Eligible participants must have histologically or cytologically confirmed solid malignancy of any histology that is measurable by Response Evaluation Criteria in Solid Tumors (RECIST) v1.1. For patients with melanoma, documentation of mutation status for B-type Raf proto-oncogene (BRAF) and neuroblastoma ras viral oncogene homolog (NRAS) is required. All participants must have experienced radiographically documented progressive disease on or after their most recent therapy.
The study excludes patients with active, known or suspected autoimmune disease, as well as those requiring systemic treatment with corticosteroids within 14 days or other immunosuppressive medications within 30 days of the first dose. Patients with current or recent gastrointestinal disease or surgery that could impact drug absorption are also excluded, along with those having untreated central nervous system metastases or leptomeningeal metastasis.
BMS-986458 Study for Relapsed/Refractory Lymphomas
The second trial (NCT06090539) is assessing BMS-986458 alone and in combination with anti-cancer agents in patients with relapsed/refractory non-Hodgkin lymphoma (R/R NHL). The study specifically targets diffuse large B-cell lymphoma (DLBCL) and follicular lymphoma (FL) patients.
For relapsed/refractory DLBCL (de novo) and FL 3b, participants must have received at least two prior lines of therapy, including a first-line combination chemotherapy regimen containing rituximab, anthracycline, an alkylating agent, and steroids, plus at least one additional treatment. Patients with relapsed/refractory DLBCL (transformed lymphoma) must have received at least two prior lines of therapy administered after transformation.

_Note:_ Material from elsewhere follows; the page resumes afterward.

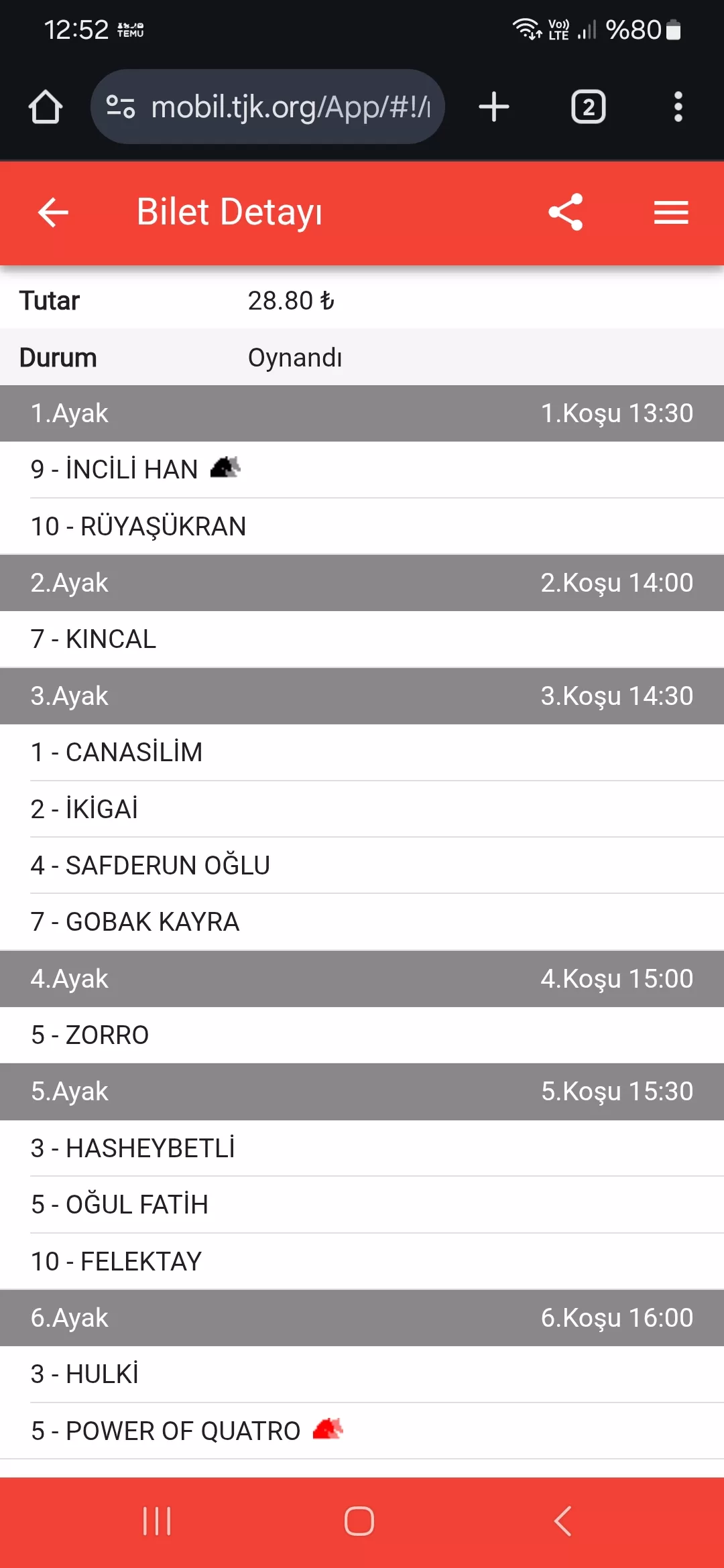 Bilet no 92425278330646 Bahis türü Sıralı İkili Bahis

Participants must have measurable disease defined by at least one FDG-avid lesion for FDG-avid disease and one bi-dimensionally measurable disease on cross-sectional imaging with at least one lesion greater than 1.5 cm in the transverse diameter.
Exclusion Criteria and Safety Considerations
Both studies maintain strict exclusion criteria to ensure patient safety. The lymphoma trial excludes participants with an Eastern Cooperative Oncology Group (ECOG) performance status of 2 or higher, and those with prior CAR-T therapy, Cereblon-modulating drug treatment, or recent radiotherapy within 4 weeks. Patients who have undergone allogeneic stem cell transplant within 6 months or autologous stem cell transplant within 3 months are also excluded.
The trials exclude participants with any condition that places them at unacceptable risk, including significant acute or chronic medical illness, active or uncontrolled infection, or laboratory abnormalities. Known or suspected central nervous system involvement is also an exclusion criterion for the lymphoma study.
Patient Enrollment and Study Design
Both Phase I trials are designed to evaluate safety and tolerability as primary objectives. The studies require participants to be at least 18 years of age and follow specific pregnancy prevention plans. The trials represent Bristol Myers Squibb's commitment to developing new treatment options for patients with limited therapeutic alternatives in both solid tumor and hematologic malignancy settings.